Supplied information section start
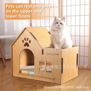 木製の猫の巣猫の生息地ペットの巣猫の家の室内の寝室のベッドのペットの別荘は四季を通じて通用します。
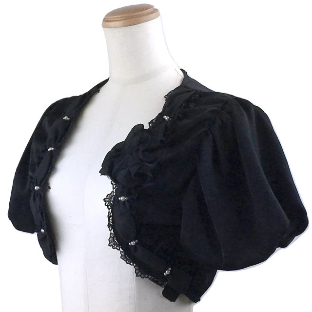 ボレロ 結婚式 シフォンフリルが素敵なベロアボレロ 黒
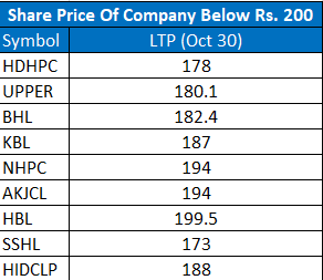 सूचीकृत ९ वटा कम्पनीको बजार भाउ प्रतिकित्ता २०० रुपैयाँ भन्दा कम छ । जसअनुसार शिवश्री हाइड्रोपावरको सेयर भाउ सबैभन्दा सस्तो छ । बिहीबारको अन्तिम कारोबार अनुसार यस कम्पनीको सेयर मूल्य १७३ रुपैयाँ छ ।
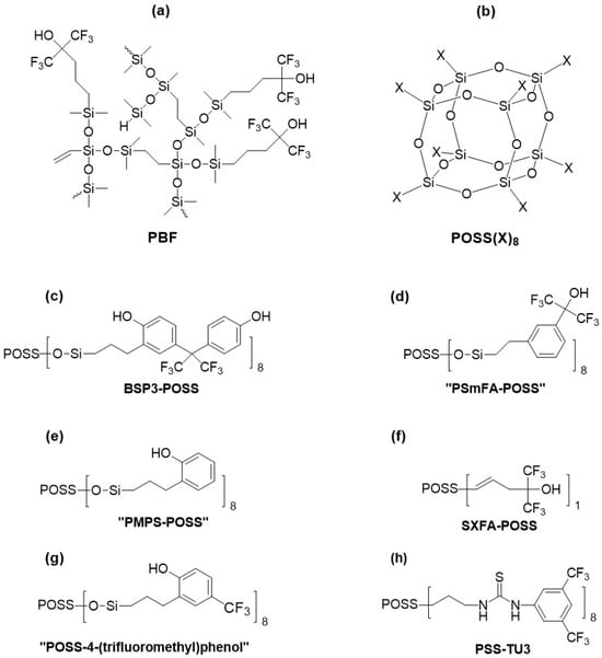 Structures of some acidic materials with branched or spatial architecture and their acronyms (acronyms in quotation marks were assigned by authors of this review due to perceived similarity to substituents of spatial materials and some compounds with linear architecture or lack of acronyms in original works): (a) branched polysiloxane with HFIP substituents (PBF); (b) polyhedral oligosilsesquioxane core (POSS) used in the synthesis of spatial analogs of: (c) BSP3 (BSP3-POSS), (d) PSmFA (PSmFA-POSS), (e) PMPS (PMPS-POSS), (f) SXFA (SXFA-POSS as well as materials containing (g) 4-(trifluoromethyl)phenol and (h) thiourea based substituent (POSS-4-(trifluoromethyl)phenol, PSS-TU3).
Supplied information section end
## Exercise:
Output only the stretch above from the line with "ボレロ 結婚式 シフォンフリルが素敵なベロアボレロ 黒" through the line with "सूचीकृत ९ वटा", reproduced exactly. Exclude pictures.

## Expected answer:
 ボレロ 結婚式 シフォンフリルが素敵なベロアボレロ 黒
 सूचीकृत ९ वटा कम्पनीको बजार भाउ प्रतिकित्ता २०० रुपैयाँ भन्दा कम छ । जसअनुसार शिवश्री हाइड्रोपावरको सेयर भाउ सबैभन्दा सस्तो छ । बिहीबारको अन्तिम कारोबार अनुसार यस कम्पनीको सेयर मूल्य १७३ रुपैयाँ छ ।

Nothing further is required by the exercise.